Bei Filmen oder Spielen kommt mit dem Logitech G51 deutlich mehr Spaß auf als beim Hören von Musik. Hier darf es ruhig auch einmal knallen – vor allem in Computerspielen – und die Mitteltonschwäche fällt nur noch vergleichsweise leicht in Dialogen auf. Der Surround-Eindruck des Systems ist gut und weiß vor allem in Egoshootern zu überzeugen. Nichtsdestotrotz setzte sich auch bei den verwendeten Filmen der Subwoofer zu sehr in Szene. Da er dabei mangels fehlendem Tiefgang eher die falschen Frequenzen betonte und bei wirklich herausfordernden Szenen die Luft vermissen ließ, hat das G51 gegen Heimkinospezialisten aus dem Hause Teufel oder auch gegen Bassisten aus eigenem Hause das Nachsehen.

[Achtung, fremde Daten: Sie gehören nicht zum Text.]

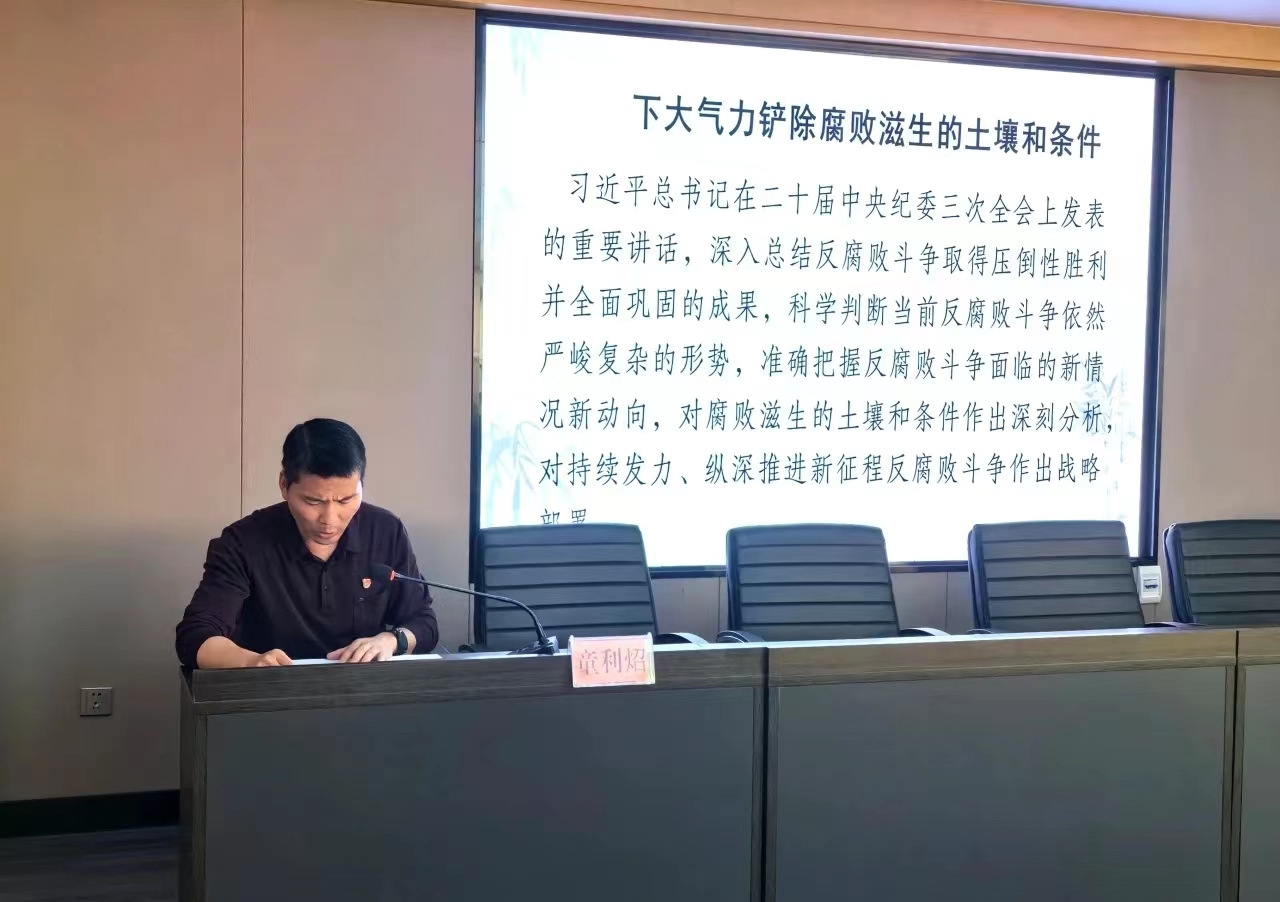 市信恒城投公司紀檢委員童利炤同志帶領大家學習習近平總書記在二十屆中央紀委三次全會上發(fā)表重要講話,深入領會其關于黨的自我革命重要思想的精髓要義和實踐要求,堅決打贏反腐敗斗爭攻堅戰(zhàn)持久戰(zhàn)。隨后集中觀看了廉政教育警示片《折翼的青春》,警醒全體干部職工要以案為鑒、以案明紀、以案促改,用身邊事教育身邊人,始終保持警鐘長鳴。

Summa summarum bleibt bei PC-Spielen noch der süßeste Nachgeschmack: Wer auf actionlastige Spiele steht, wird seinen Spaß am Logitech G51 haben. Wer nicht, der hat zumindest keine bedeutenden Nachteile. So fallen die vorhandenen und beschriebenen Schwächen nur mäßig beim Spielen auf, oder stören schlicht nicht. Im Gegenzug findet sich der Subwoofer endlich da wieder, wo er hinzugehören scheint: Dort wo es Bass gibt und Bass braucht. Wem das nicht zusagt, der ist womöglich ohnehin falsch mit einem Satelliten-Subwoofer-Gespann bedient.